Dubai-based state-owned carrier Emirates has reportedly laid off about 180 pilots on May 31, as part of its cost-cutting strategy amid growing financial woes in the wake of coronavirus outbreak.
These pilots were on probation and were the first officers under training for type-rating on the A380 fleet, Moneycontrol reported.
"This is the first phase of the layoffs. These pilots were called to the office and given the letters," the report quoted a senior executive as saying. The executive added that more layoffs are "expected tomorrow".
As per the report, the notice period for those on probation is seven days, but Emirates has decided to extend this to 14 days, as a 'gesture of goodwill'.

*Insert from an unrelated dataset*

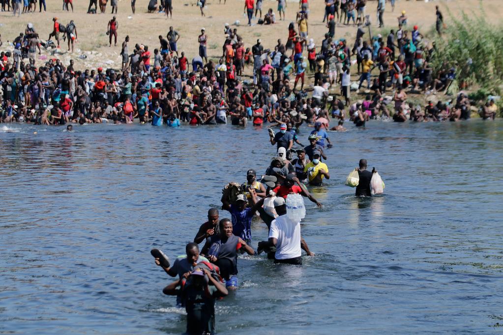 9月19日在墨西哥科阿韦拉州阿库尼亚城拍摄的照片显示,非法移民走过美墨边境的里奥格兰德河,进入墨西哥一侧购买食物和生活必需品。新华社发

Emirates, one of the world's biggest long-haul airlines, had suspended regular passenger flights in March due to the COVID-19 outbreak. It resumed flight operations from 21 May to nine destinations - London Heathrow Frankfurt, Paris, Milan, Madrid, Chicago, Toronto, Sydney and Melbourne.
There was speculation in the market that Emirates Group, the parent company of Emirates Airline, may cut about 30,000 jobs to reduce costs amid the coronavirus outbreak. The aviation services company owned by the government of Dubai plans to cut down its workforce by about 30 per cent from more than 105,000 at the end of March, as per Bloomberg News report.
The state-owned airline reported a 21 per cent growth in net profit for its financial year ending March 31, but said the coronavirus pandemic had hit its fourth-quarter earnings. The Dubai state carrier clocked 1.1 billion dirhams ($287.5 million) in FY21, compared to 871 million dirhams in the previous year. Revenue, however, declined by 6.1 per cent to 92 billion dirham due to 4.2 per cent decline in the number of passengers carried by the airline.